August 1, 2008
Change for the good...
From The HSA Revolution That’s Already Here, Posted by John Berlau
The new book America’s Health Care Crisis Solved has been praised as providing a detailed, free-market solution for healthcare’s future. This it does, but what’s almost as fascinating about the book is its description of what is going on in the present, with consumer-driven health savings accounts (HSAs). Almost without notice, HSAs have grown dramatically and have solved for millions of Americans the problem of healthcare’s lack of portability.
First, some background. In the 2003 law that was rightly derided for massively expanding Medicare with a new prescription drug benefit was a separate section that let many more working-age people to take advantage of HSAs. This provision allowed any adult under 65 to open a savings account for medical expenses that receives much of the same special tax treatment as employer-based health care.
As a result of this change, you can qualify for an HSA by getting health insurance with at least an $1100 deductible for individuals or a $2100 deductible for families. So long as you don’t have another insurance policy, you can get a tax deduction for contributing up to $2900 for an individual or $5800 for a family to an HSA. Or your employer can contribute some or all of that amount. In either case, the money grows untaxed and can be withdrawn tax-free for health-care expenses....
(It's worth reading the rest.) My belief is that the Medicare prescription drug benefit was going to happen one way or another, but President Bush wisely used it as a bribe to get what was really important, HSA's.

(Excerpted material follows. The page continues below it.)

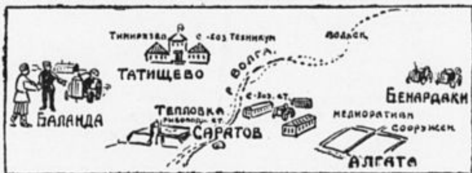
Карта № 2. Что увидит сельскохозяйственная группа.

их край будет через пять лет. И не только посмотреть, но и рассказать всем ребятам края о том, чем пионеры и школьники могут помочь выполнению пятилетнего плана великих работ.
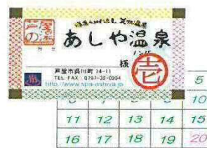
あしや温泉スタンプカード

スタンプカードを作成しました。スタンプカードを貯めると「あしや温泉オリジナルロゴ入り景品（タオル）」がもらえる等、リピーターにとって魅力的な景品を用意しました。また、スタンプカード自身が1枚ずつの使い捨てではなく、スタンプカードにカードを集められた枚数番号を捺印。スタンプを貯める魅力を付加しています。（吉番～九番）

HSA's were blocked for decades by Democrats. I feel about this not only the general contempt I always feel for those who cling to socialism long after history has proved it to be an evil catastrophe, but also personal loathing, since if I'd been able to contribute small amounts to an HSA back when I was young and never got sick, my account would by now have grown tax-free to be a large cushion for the expenses to come in old age.
But no, the @#$%^ collectivists can't endure to have people controlling their own health care. It must be done by big coercive bureaucracies, or not at all. (Charlene and I have an HSA, but it's too late in our lives for it to really grow--the money that goes in soon goes out for this and that. But at least it's pre-tax.)
I think that perhaps anyone who is a registered Democrat should not be allowed to have an HSA. They support the party of evil, so why they should they profit from the good that good men do? Seems fair, hmmm?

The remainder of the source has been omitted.